Il s'agit ici d'un concept économique, puisque c'est bien sur ce
terrain que les féministes font porter le débat. Selon elles,
l'allaitement a bel et bien une valeur économique qui doit être
reconnue et récompensée par le gouvernement.
Aucun bien ou service n'a de valeur « en soi »,
une chose n'a de valeur que sur la base d'une évaluation subjective,
parce que des consommateurs désirent l'obtenir. On connaît
la loi de base de l'offre et de la demande: toutes choses étant
par ailleurs égales, les objets fortement en demande ou rares auront
tendance à coûter plus cher; ceux peu en demande ou très
abondants auront tendance à coûter moins cher. La seule façon
de déterminer ce prix, et donc cette valeur relative, est de constater
ce que les gens sont prêts à payer et prêts à
recevoir pour obtenir ou offrir un bien ou un service.
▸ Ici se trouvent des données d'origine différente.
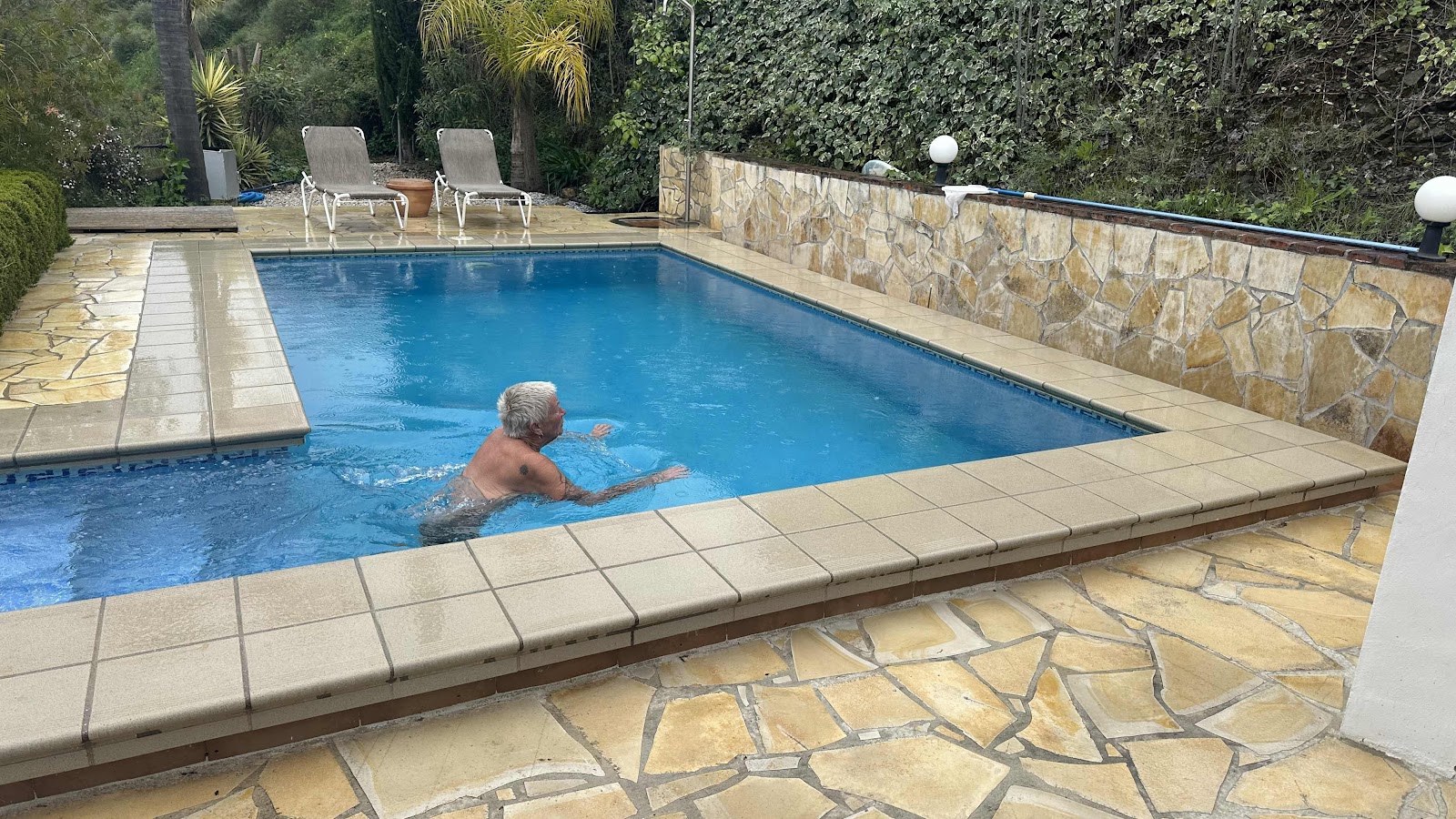 Oh NEJ. Bara för Brittmarie. Hon är en hårding. Eftersom vår bassäng är tom så lånar hon David o Lonas.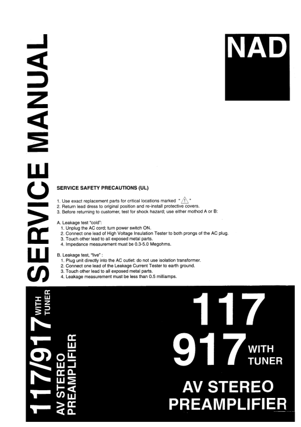 Inicio >> NAD >> 117 AV STEREO PRE-AMPLIFIERSM Manual de Servicio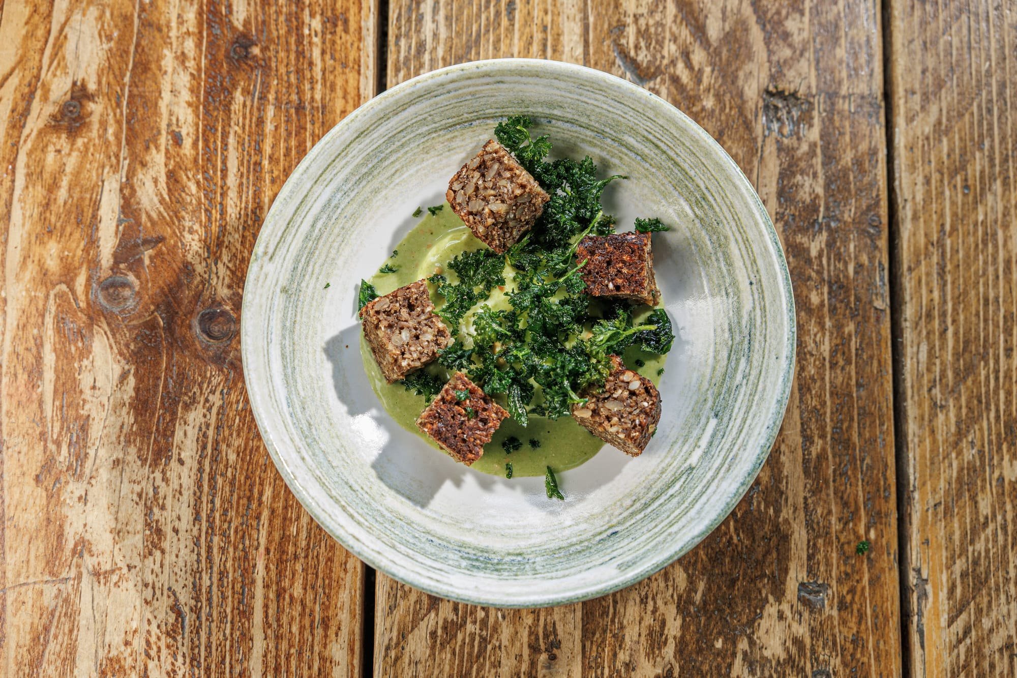 Kümmelkaramell | Ziegenfrischkäsecreme | Kräutersalat
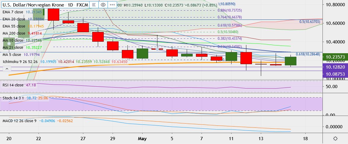- On the downside, support is around 10.1282 break below could take it till 10.0919.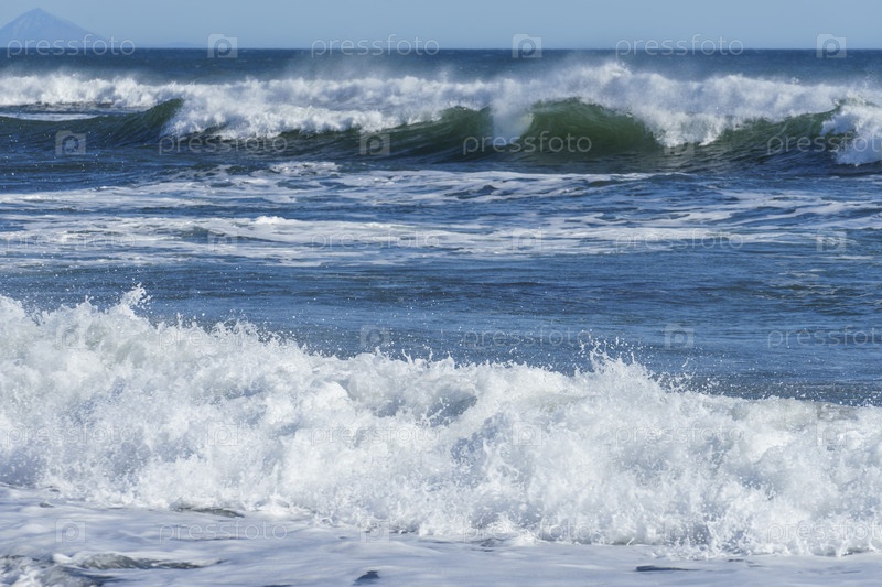 Морской пейзаж с красивыми волнами. Камчатка, Россия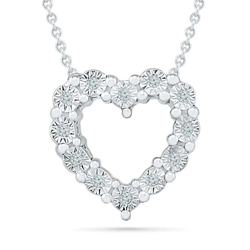 Illusion set diamond accents adorn this adorable heart pendant. Suspended from a 17" sterling silver cable chain, which has a 4" extender, this pendant can be worn close to her heart.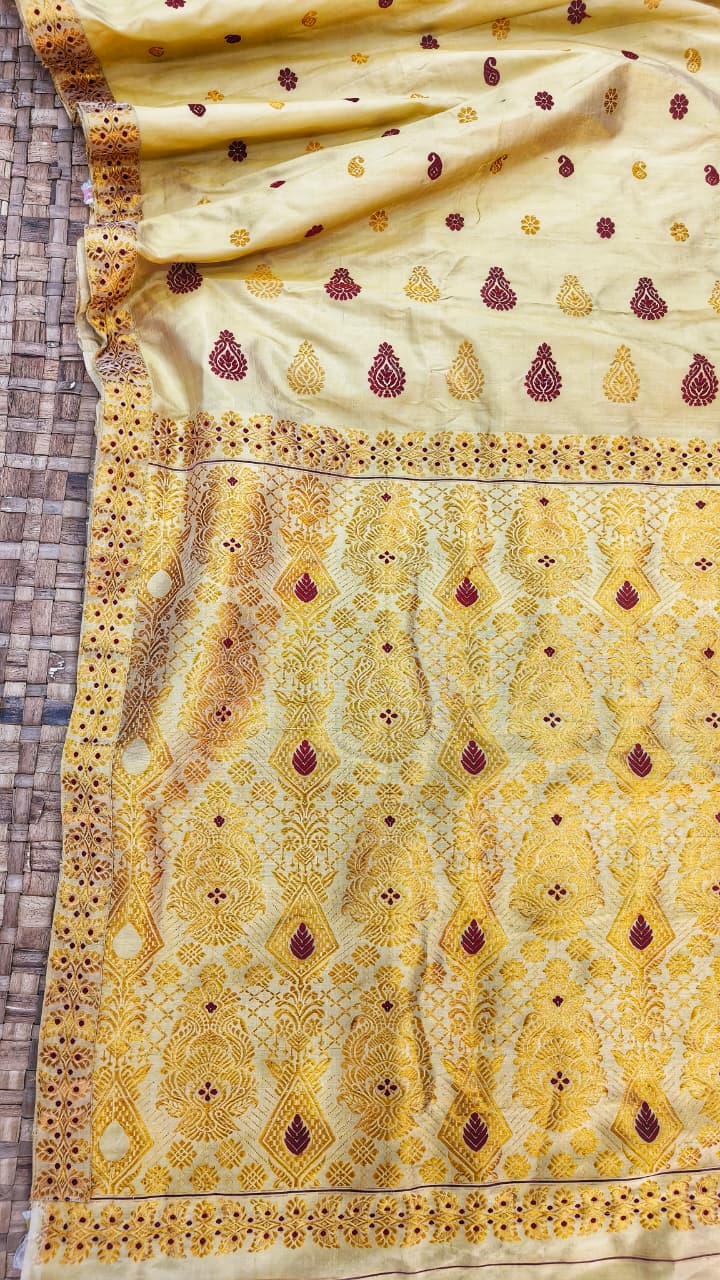 Beige Pure Mulberry With Color Zari Assam Silk Saree

Les économistes gauchistes patentés qui travaillent pour
le gouvernement et les groupes de pression ne reconnaissent évidemment
plus la primauté de cette loi économique. Ils ont inventé
des tas de nouvelles façons d'attribuer une valeur à quelque
chose, qui justifie toutes les interventions imaginables. Interrogée
à savoir comment on allait calculer le taux de rémunération
pour une activité comme l'allaitement, l'économiste féministe
Mary King a répondu candidement: « There are
any number of ways you could do it. Economists can think of a value for
anything. That's what we're paid for. »
Mais si on laisse de côté les multiples méthodes de
calcul de ces charlatans, on doit se rendre à une évidence:
l'allaitement n'a aucune valeur marchande, parce que personne n'est prêt
à payer pour obtenir qu'une mère allaite son enfant. Alors
que des hommes sont prêts à payer pour louer les seins et
d'autres parties du corps d'une prostituée, personne ne veut louer
les seins d'une mère pour que le service qui consiste à allaiter
soit rendu à son bébé. L'allaitement n'a aucune valeur
économique parce qu'il n'a aucune valeur d'échange. Tout
comme votre hygiène personnelle: même si les gens dans votre
entourage préfèrent vous voir propre, personne n'est prêt
à vous payer pour que vous vous laviez le matin.
Vulgaire marchandise
L'un des arguments répétés ad nauseum par les
propagandistes gauchistes contre le libre marché, l'économie
capitaliste, ou ce qu'ils appellent le « néolibéralisme
», est le fait que ce système tend à tout réduire
à un objet monnayable et à une vulgaire marchandise. C'est
pourtant le contraire qui est vrai. Dans une société libre,
les objets monnayables ne sont que ceux que l'on ne possède pas
et que l'on veut se procurer de quelqu'un d'autre moyennant un montant
mutuellement acceptable. On n'a pas besoin d'accoler une valeur monétaire
à tout ce qui est important et même essentiel si ça
ne fait pas l'objet d'un échange sur le marché. Ce qu'on
peut produire soi-même et pour soi-même, comme l'allaitement
de son enfant, son hygiène personnelle, son développement
intellectuel, n'est pas une marchandise ou un service public devant être
rémunéré, mais simplement une activité normale
que l'on fait pour mieux vivre. Et des tas de choses peuvent se faire gratuitement,
y compris des services rendus aux autres, dans la mesure où l'on
y trouve son compte pour une raison ou une autre.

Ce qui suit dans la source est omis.